Возила она, помнит Коля, его к сестре своей, Марии Сергеевне, в город, водила в церковь. Перед всеми святыми постоит. И фамильярно, по словам сестры её, будто к друзьям своим, к ним обратится:

– Мученик Антипа, сохрани мои зубы от боли…

– Спаси от пожара, неопалимая Купина-Владычица…

– Флор-Лавер и мученик Власий, сохраните бычка и обеих коровушек от падежа и всех овечек да и кур…

– Илья-пророк, пришли послезавтра дожжика… а то я мелочь всю посеяла.

– А ты, святой Вонифатий, отврати мужа моёва от хмельного зелья… – Жив тогда ещё был Алексей Павлович и прикладывался помаленьку, но частенько.

За всех просила по специальности и принадлежности. Евангелиста Луку, помнит Коля, благодарила она тогда за прошлогодний хороший урожай репы.

Плела она, Минодора Сергеевна, личинки для сеток от комаров из конского волоса. Носила, пешком всегда, никакой транспорт не признавала, по соседним деревням, продавала. Денег немного выручит, купит чикушечку с прибытку, у кума ли своего в Сретенске вусладь напотчевается и отправится в обратную дорогу. Не ходи в ночь-то, скажут ей, переночуй у нас, мол. А она в ответ: кого, дескать, бояться! Ну, раз поймали её какие-то беглые, снасильничали, над старой надсмехнулись. Да хорошо, мол, с Ялани почтальён с почтой на лошади ехал, колоколец они услышали, а так бы и убили, чтобы свидетельшу-то ликвидировать, её в живых-то не оставить.

После этого заболела Минодора Сергеевна.
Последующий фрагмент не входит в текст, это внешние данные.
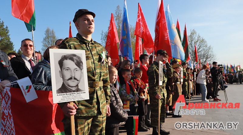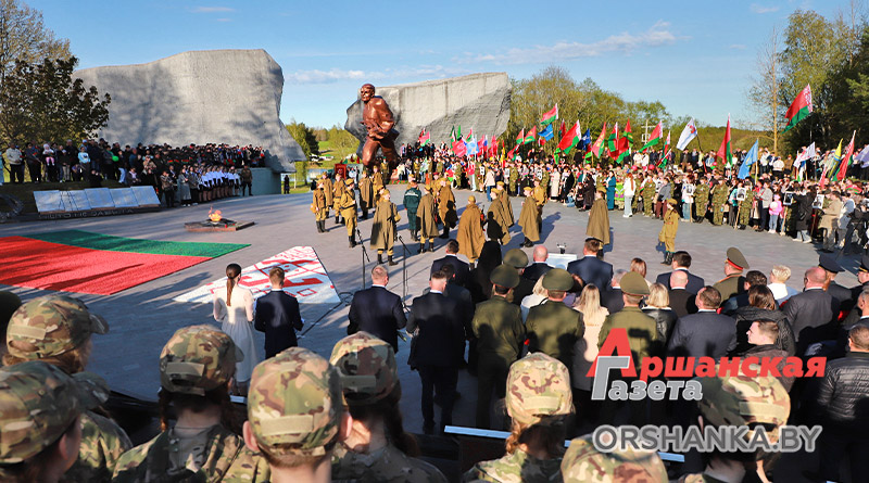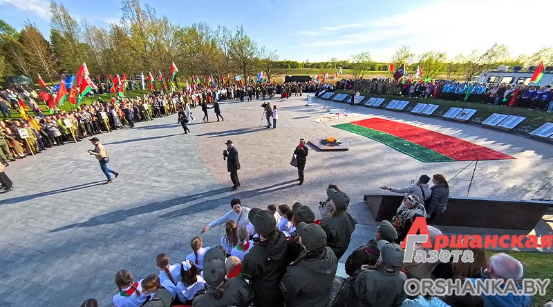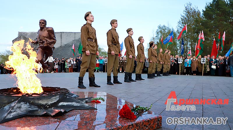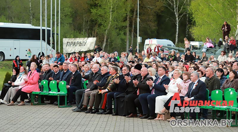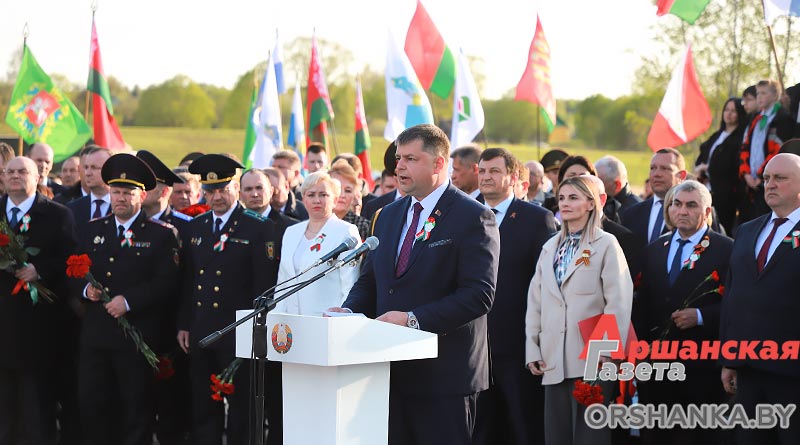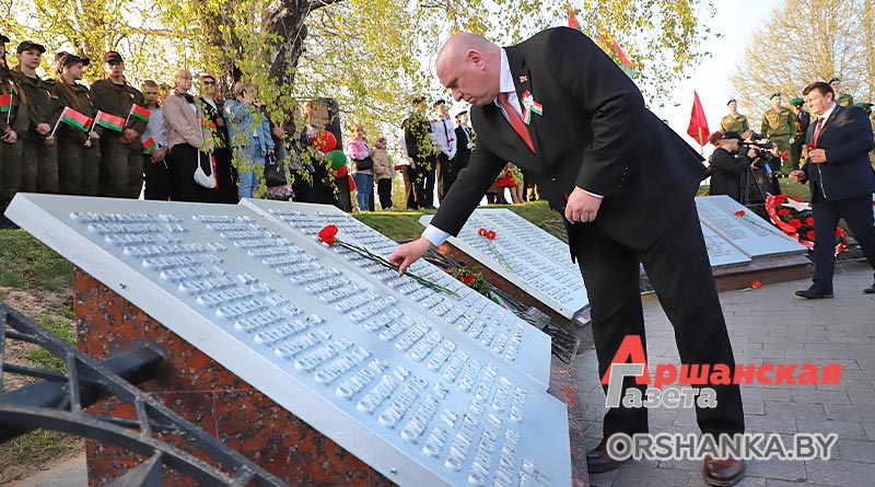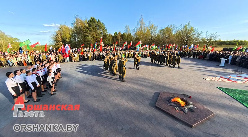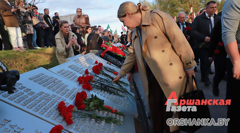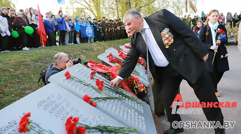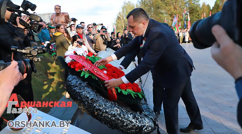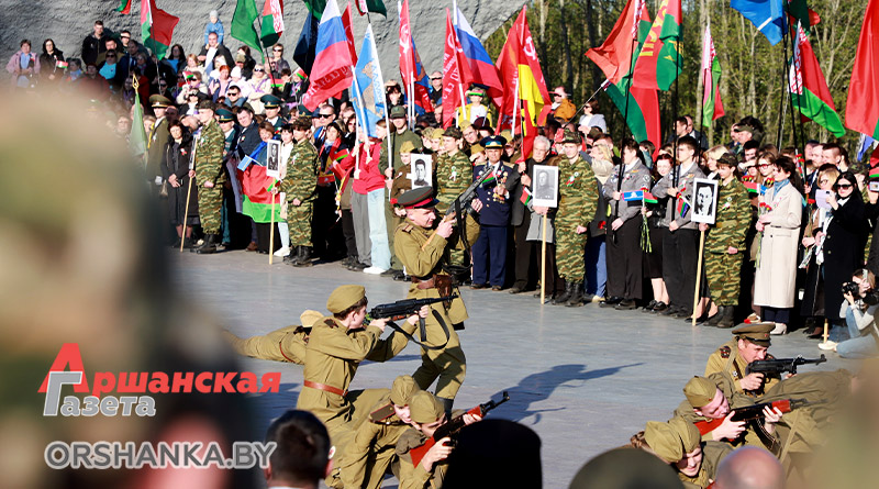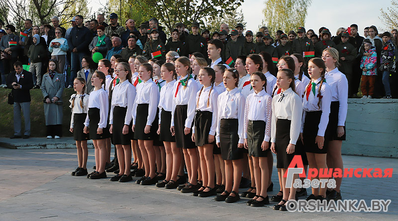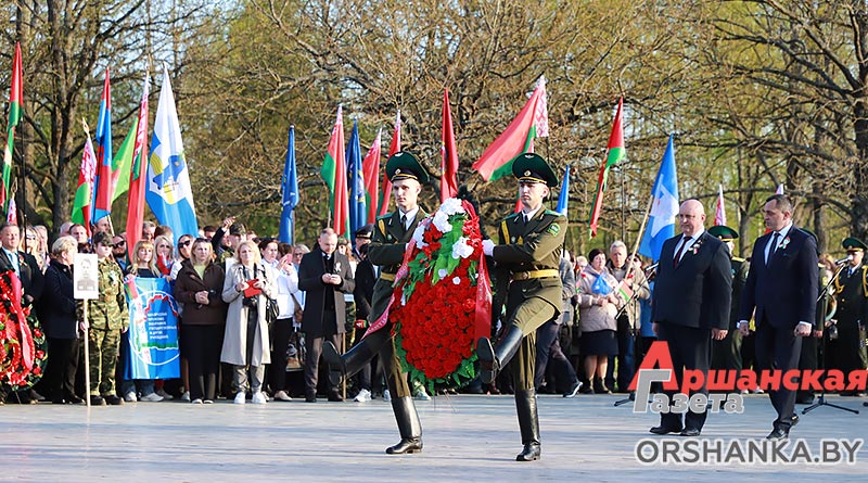 Участники торжественного митинга почтили память погибших минутой молчания, возложили венки и цветы. А затем мероприятие продолжилось праздничным концертом «Во имя мира на Земле» с участием творческих коллективов Витебщины. Оршанский район представили народный ансамбль народной песни «Гагарынскія мызыкі», шоу-группа «Альянс», хореаграфический коллектив «Non Stop», солисты народной студии пения «Креатив».
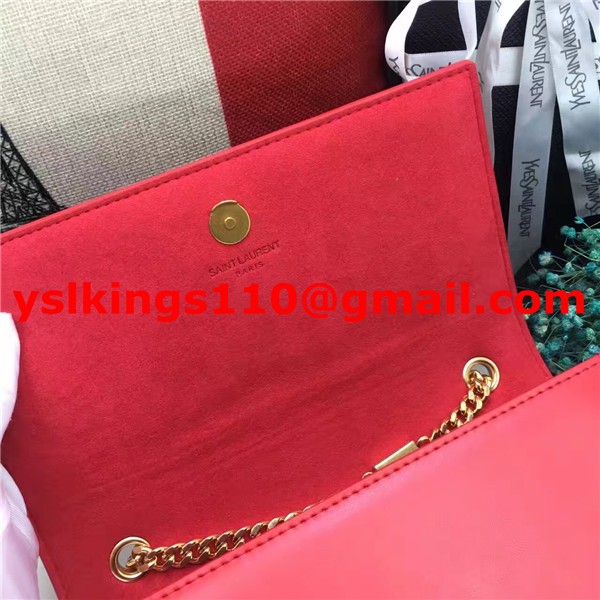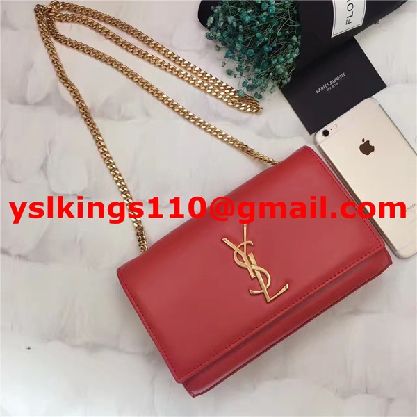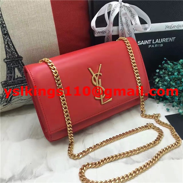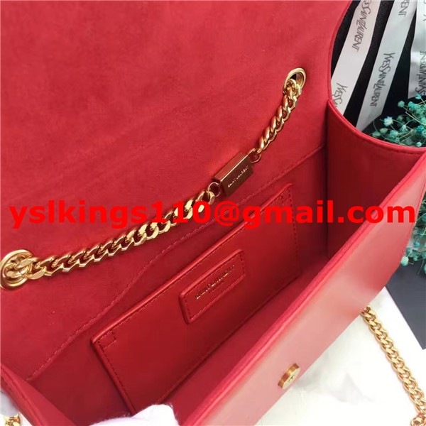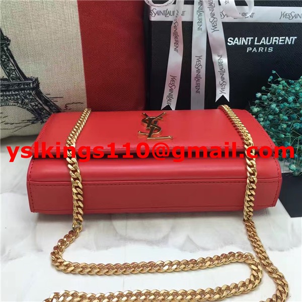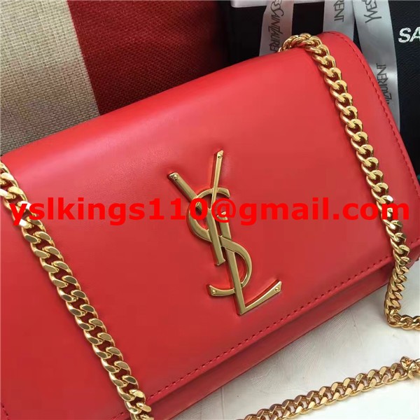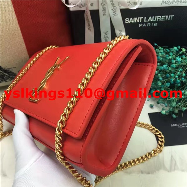 YSL Hladká kožená kabelka s řetízkem 22 cm červená
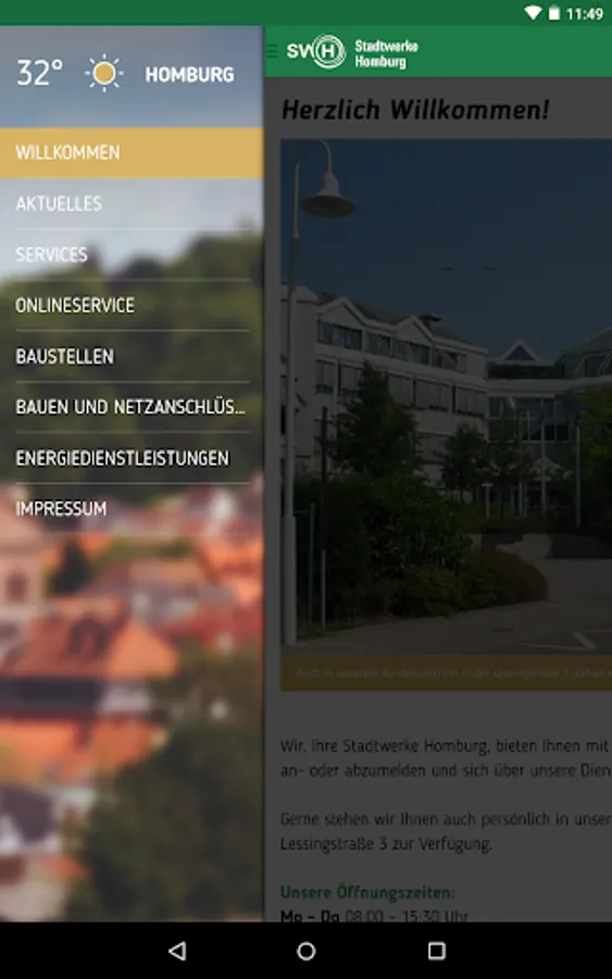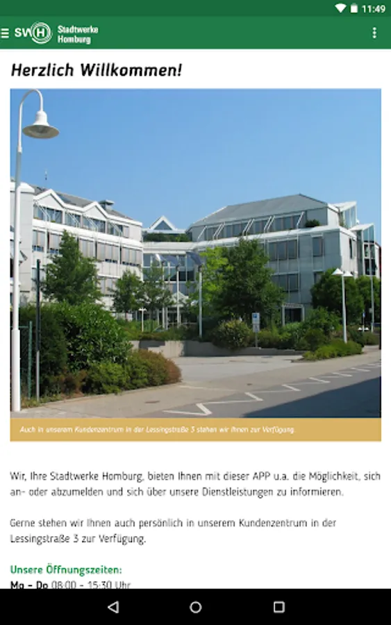 Moreover, informs the "My Stadtwerke Homburg" app with the "News" about significant events, such as opening times change on holidays. And current construction sites in and around Homburg can display.
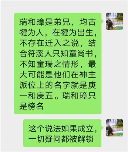 五、瑞和璋在谱上究竟是谁?由童惠平提供的台湾私人收藏的瑞公报名考试时填报的政审资料“童瑞,世奇,一,犍为”给出了答案。瑞即庚一,璋即庚午(五),共七兄弟。
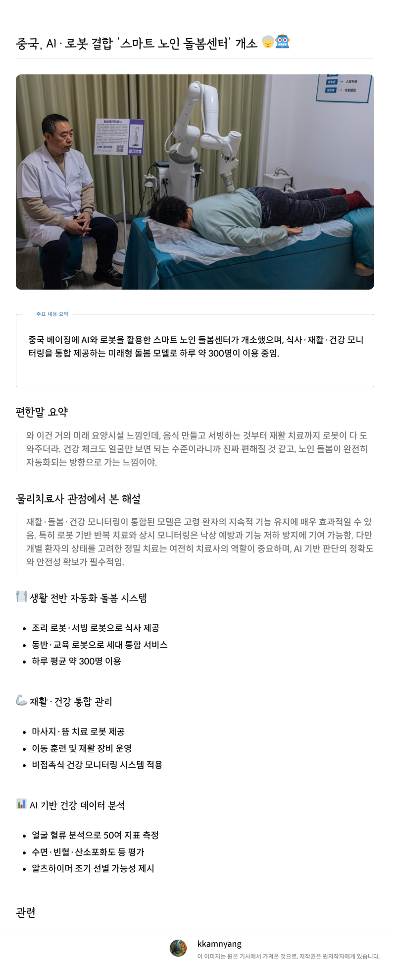 中, AI 노인돌봄센터 오픈…로봇이 조리부터 마사지까지
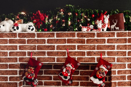 Christmas living room interior with Christmas tree and fireplace. Holiday concept.

Слегла. Перед смертью уже, за неделю или за две, соберёт всех родных к своей постели, помнит Коля, рассмотрит каждого внимательно, узнает и после спросит: а где тот-то, мол, а тот-то где, мол? – это об умерших давно уже. После и тех уж видеть стала. Лежит, смотрит с постели на собравшихся, мимо ли них, и говорит: а ты, Захаровна, помолодела, дескать. Или: а где жана твоя, Игнатьич, пошто один-то? А потом, дня за два до смерти, сказала своему сыну, отцу Колиному: вези, мол, меня, батюшка, на родину. Тот ей: да ты и так на родине, мол, мама. Нет, мол, какая ж это родина, на родине мои родители и муж мой, и там тепло всегда, не то что тут, мол.

Пришлось везти.

– Лет уже двадцать как на родине – тепло ей.

"Иду, иду". Кто-то позвал, она откликнулась. Это последние её слова на этом свете. Произнеся их, отошла.

Не посекли её, наверное, в огонь не бросили.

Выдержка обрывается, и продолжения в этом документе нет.